Troubleshooting

Voltis is designed for reliability, but edge environments can introduce challenges like network instability or resource constraints. This guide covers common errors, diagnostic steps, and resolutions based on source code behaviors and typical failure modes.

General Debugging Tips

  • Enable Verbose Logging: The daemon uses slog at debug level by default.

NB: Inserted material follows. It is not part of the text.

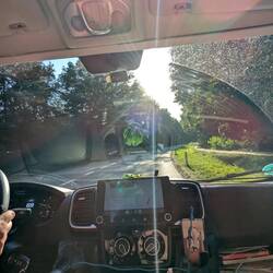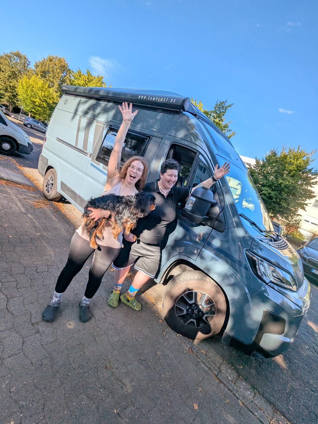 Endlich auf der Straße! Nach 10 Stunden packen, Blumen gießen, Wäsche waschen, Haus putzen, sind wir nur 6 Std zu spät auf unserer ersten Etappe. (Sind wir jemals pünktlich? 😂)

Redirect output:

    voltis daemon 2>&1 | tee daemon.log

    Look for prefixes like “system::daemon”, “api::server”.

  • CLI Verbose: Add -v flag (future; currently logs to stderr).

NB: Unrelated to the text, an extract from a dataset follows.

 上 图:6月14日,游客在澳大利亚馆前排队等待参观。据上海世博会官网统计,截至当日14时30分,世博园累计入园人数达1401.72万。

  • Database Inspection: SQLite tools for debugging:

    sqlite3 /var/lib/voltis/voltis.sqlite.db
    .tables  # List: workloads, services, etc.
    SELECT * FROM workloads;  # Check active/digests
  • System Logs: journalctl -u voltis -f --all

  • Service Logs: journalctl -u docker -f.

  • Reconciliation: Force by restarting daemon; loop runs every 3s.

  • Test Connectivity: voltis ping and curl http://<node>:4650/ping.

  • Test Health: voltis health and curl http://<node>:4650/health.

Common Issues

1. Daemon Startup Failures

Symptoms: “voltis daemon” exits immediately; no API on port 4650.

Causes and Fixes:

  • DB Permissions: Error like “unable to open database file”.
    • Fix: sudo mkdir -p /var/lib/voltis && sudo chown $USER /var/lib/voltis.
    • Use --store ~/voltis.db for testing.
  • Port Conflict: “bind: address already in use”.
    • Fix: lsof -i :4650 to kill conflicting process; use --listen-address :4651.
  • Missing Dependencies: “no such table: workloads” on first run.
    • Fix: Schema auto-runs; if fails, delete DB and restart.
  • SIGTERM Handling: Daemon ignores signals if not foreground.
    • Fix: Run with nohup or systemd service.
  • Other Issues: Remove entire deb package
    • Fix: sudo dpkg --purge voltis
    • Ensure /var/lib/voltis is empty sudo rm -rf /var/lib/voltis

Diagnostic:

voltis daemon --store test.db --listen-address :4651 2>&1 | grep ERROR
netstat -tlnp | grep 4651  # Check listening

2. CLI Connectivity Errors

Symptoms: “dial tcp: connection refused” or “parse api url: invalid”.

Causes and Fixes:

  • Wrong Address: Default localhost; remote node unreachable.
    • Fix: export VOLTIS_API_ADDRESS=http://192.168.1.100:4650 or --address.
  • Firewall: Port 4650 blocked.
    • Fix: sudo ufw allow 4650 or cloud security groups.
  • HTTPS Mismatch: Daemon is HTTP-only.
    • Fix: Use proxy for TLS; client doesn’t support HTTPS yet.
  • Invalid URL: Malformed env var.
    • Fix: Validate with curl $VOLTIS_API_ADDRESS/health.

Diagnostic:

echo $VOLTIS_API_ADDRESS  # Verify
telnet <host> 4650        # Test port
voltis health             # Exit 0 if OK

3. Workload Push/Install Failures

Symptoms: “oldString not found” (edit error?); “tar: invalid” or task execution fails.

Causes and Fixes:

  • Missing voltis.toml: Build warns; push fails validation.
    • Fix: Ensure root has valid TOML; lint with toml lint voltis.toml.
  • Tarball Corruption: Gzip/tar issues during build/transfer.
    • Fix: Rebuild: voltis workload buildfile . --output fresh.tar.gz; verify gunzip -c fresh.tar.gz | tar tv.
  • Task Execution Errors: Shell cmds fail (e.g., “apt: command not found”).
    • Fix: Run tasks manually on node: task -f service1.voltis.taskfile.yml action.install.
    • Check idempotency: Status cmds must return 0 if up-to-date.
  • Digest Mismatch: Push overwrites but DB conflict.
    • Fix: Use unique names; delete old: curl -X DELETE $VOLTIS_API_ADDRESS/workload/old-name.
  • Size Limits: Large tarballs (>100MB) timeout.
    • Fix: Compress better or split workloads.

Diagnostic:

voltis workload push test.tar.gz --name debug --status inactive  # Dry-run inactive
# On node: tail -f daemon.log during push
sqlite3 voltis.db "SELECT name, message FROM workloads;"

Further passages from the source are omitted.